简体   繁体   English

Keras:可重现的结果CPU上的简单MLP

[英]Keras: Reproducible Results Simple MLP on CPU

I'm building and testing a simple MLP model, but am running into an issue with the Keras reproducibility for my results. 我正在构建和测试一个简单的MLP模型,但是我的结果遇到了Keras可重复性的问题。 I am trying to set up my neural network so that the prediction outputs won't change when I run the network. 我试图建立我的神经网络,以便在运行网络时预测输出不会改变。

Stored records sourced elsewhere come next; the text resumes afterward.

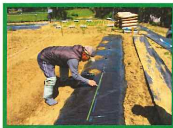
②5/18 なす、ピーマン定植
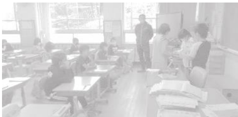
茂木小3年生にひまわりの種プレゼント

2年生のさんは、生活科の町たんけん、茂木小の仲間といっしょに茂木地区のお店や施設をまわりました。進んで質問するなど、グループの中でもしっかり活躍していました。
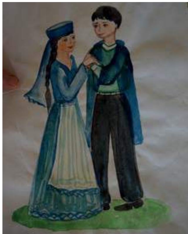
Детска илюстрация към книгата „Нека звучат майчините езици“, 2019 г.

Понастоящем, съвместно с нашите партньори – Мелитополския държавен педагогически университет „Богдан Хмельницки“, Центъра за развитие „Демокрация чрез култура“, Регионалния методически център за култура и изкуство на Запорожието, и с подкрепата на Културния отдел на Градския съвет в Мелитопол – ние реализираме много събития, насочени към изучаване и популяризиране на нематериалното културно наследство, и то не само на Караимите. Това доказва, съответно, и неотдавнашният семинар по езиковите въпроси, на който много лектори разказаха за езика като носител на нематериалното културно наследство.
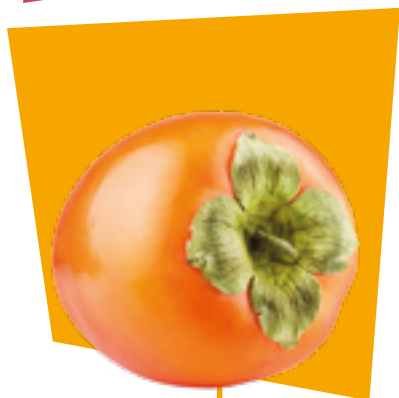
KAKI PERSIMMON CAQUI KAKI
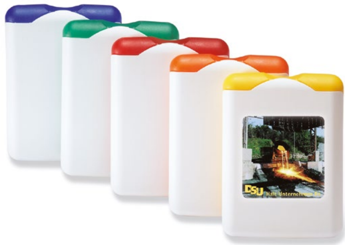
»First-Aid« Art.Nr. 1651
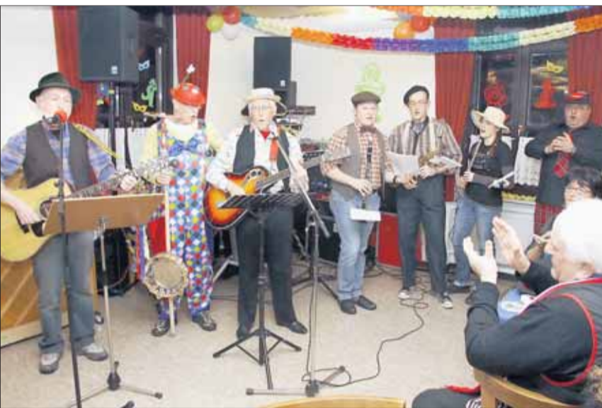
Stimmung, das es kracht bei der Klaa-Krotzebojer Sängerfastnacht.

Festival des Frohsinns bei der Frauensitzung des Tennisclubs Hainstadt:
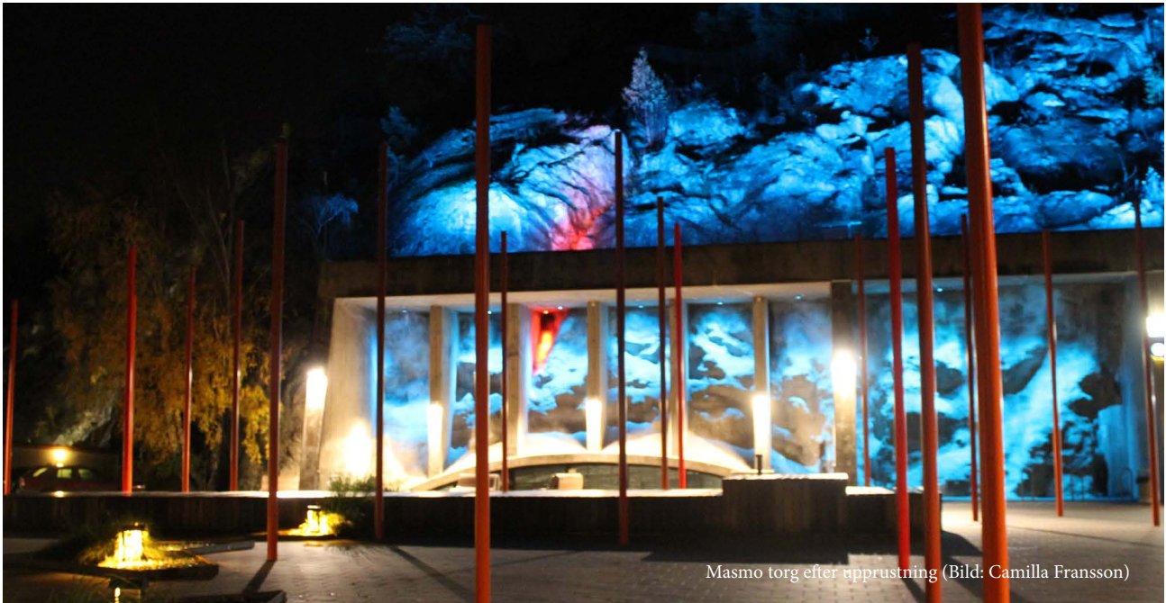
Masmo torg efter upprustning
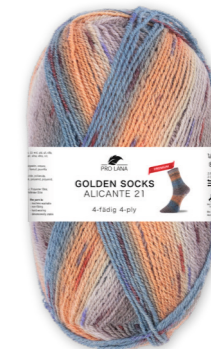
Farbe Nr. 443.03
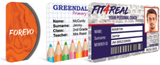
Cartothèque en ligne
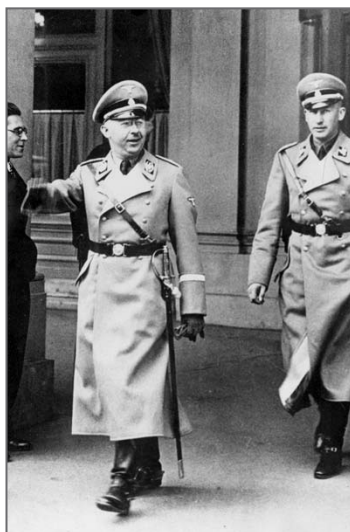
Protektorát Čechy a Morava ovládal černý řád SS. Na snímku Heinrich Himmler a Reinhard Heydrich
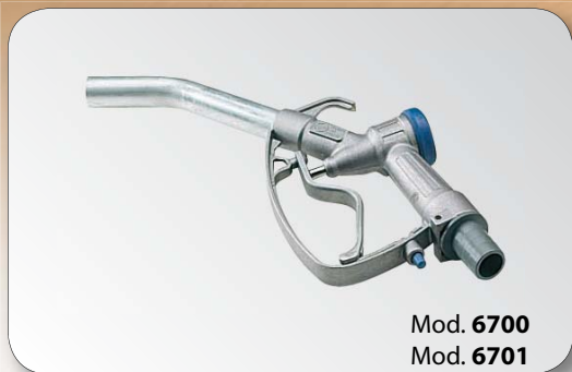
Mod. 6700 Mod. 6701
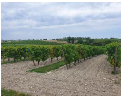
Parcelle Juillac le Coq
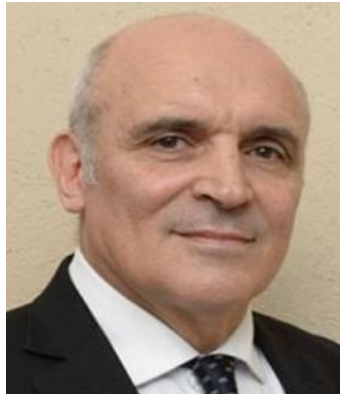
JOSÉ LUIS ESPERT
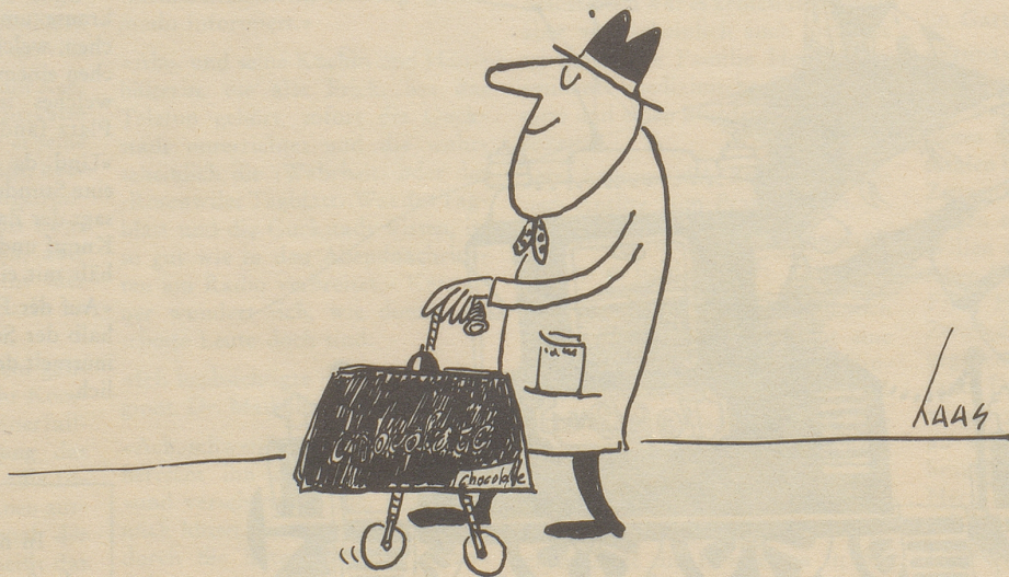
Der Traum des Handelsreisenden
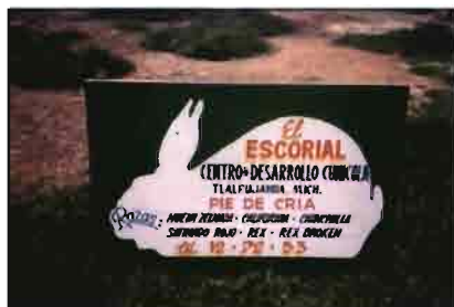
Un cartel anuncia la actividad cunicola y la diversidad de razas que se crían en la granja «El Escorial».

c) Edición de un recetario a todo color, que reparte en los puntos de venta, orientado a promocionar el consumo de carne de conejo.
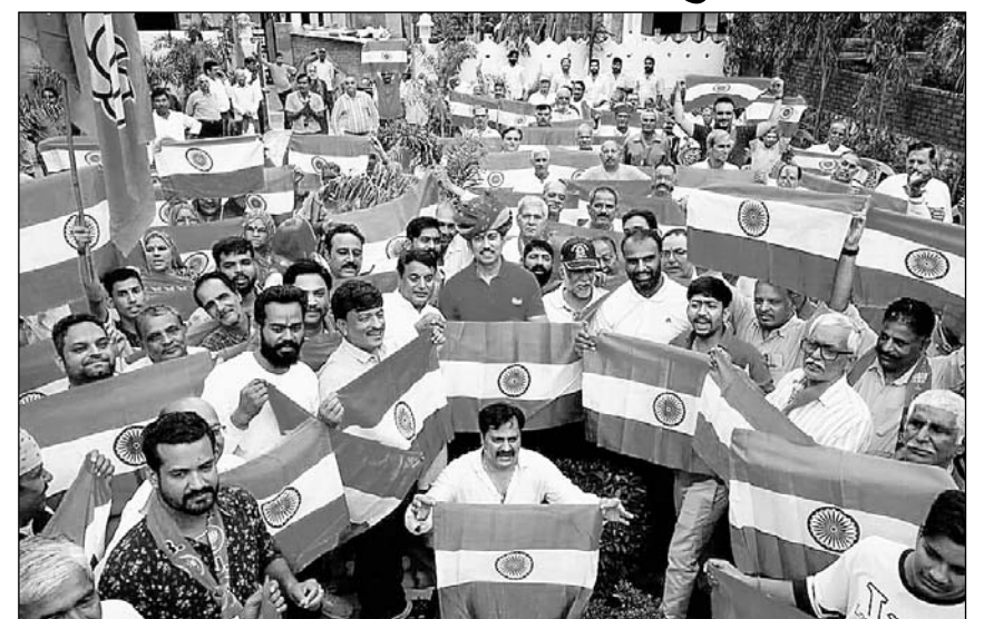
कैबिनेट मंत्री व झोटवाड़ा विधायक कर्मल राज्यवर्धन राठौड़ ने अपने विधानसभा क्षेत्र में जनता के साथ राष्ट्रीय ध्वज तिरंगा फहरा कर 'हर घर तिरंगा अभियान' का शुभारंभ किया। वार्ड 48 की पार्षद कुमकुम शक्तावत के वार्ड कार्यालय पर आयोजित इस कार्यक्रम में जनसैलाब उमड़ा।

जयपुर। कैबिनेट मंत्री व झोटवाड़ा विधायक कर्मल राज्यवर्धन राठौड़ ने गुरुवार को अपने विधानसभा क्षेत्र में जनता के साथ राष्ट्रीय ध्वज तिरंगा फहरा कर 'हर घर तिरंगा अभियान' का शुभारंभ किया। वार्ड 48 की पार्षद कुमकुम शक्तावत के वार्ड कार्यालय पर आयोजित इस कार्यक्रम में जनसैलाब उमड़ा।

I have already followed the Keras guide online as well as this post ( Reproducible results using Keras with TensorFlow backend ). 我已经在网上以及这篇帖子中遵循了Keras指南( 使用带有TensorFlow后端的Keras可重现结果 )。 I am running Keras on my local machine with Tensorflow backend and the following versions: 我在具有Tensorflow后端和以下版本的本地计算机上运行Keras:

tensorflow 2.0.0-alpha0, keras 2.2.4-tf, numpy 1.16.0 tensorflow 2.0.0-alpha0,keras 2.2.4-tf,numpy 1.16.0

import os  
os.environ['PYTHONHASHSEED']=str(0)

import random
random.seed(0)

from numpy.random import seed
seed(1)
import tensorflow as tf
tf.compat.v1.set_random_seed(2)

from keras import backend as K
session_conf = tf.compat.v1.ConfigProto(intra_op_parallelism_threads=1, inter_op_parallelism_threads=1)
sess = tf.compat.v1.Session(graph=tf.compat.v1.get_default_graph(), config=session_conf)
K.set_session(sess)

import numpy as np
from tensorflow.python.keras.layers import Dropout, BatchNormalization
from tensorflow.python.keras.optimizers import Adam
from galileo.time_series.machine_learning.classifiers import Machine_Learning_Classifier_Base
from galileo.util.time_util import TimerContextManager


class Machine_Learning_Classifier_Keras(object):    
    @classmethod
    def _get_classifier(cls, n_input_features=None, **params):
        KerasClassifier = tf.keras.wrappers.scikit_learn.KerasClassifier
        Dense = tf.keras.layers.Dense
        Sequential = tf.keras.models.Sequential

        sk_params = {"epochs": 200, "batch_size": 128, "shuffle": False}

        def create_model(optimizer='adam', init='he_normal'):
            # create model
            model = Sequential()
            model.add(BatchNormalization())
            model.add(Dropout(0.2))
            model.add(Dense(500, input_dim=4, kernel_initializer=init, activation='relu'))
            model.add(BatchNormalization())
            model.add(Dropout(0.2))
            model.add(Dense(250, kernel_initializer=init, activation='relu'))
            model.add(BatchNormalization())
            model.add(Dropout(0.2))
            model.add(Dense(500, kernel_initializer=init, activation='relu'))
            model.add(Dense(1, kernel_initializer=init, activation='sigmoid'))
            # Compile model
            model.compile(loss='binary_crossentropy', optimizer=Adam(lr=3e-3, decay=0.85), metrics=['accuracy'])
            return model

        return KerasClassifier(build_fn=create_model, **sk_params)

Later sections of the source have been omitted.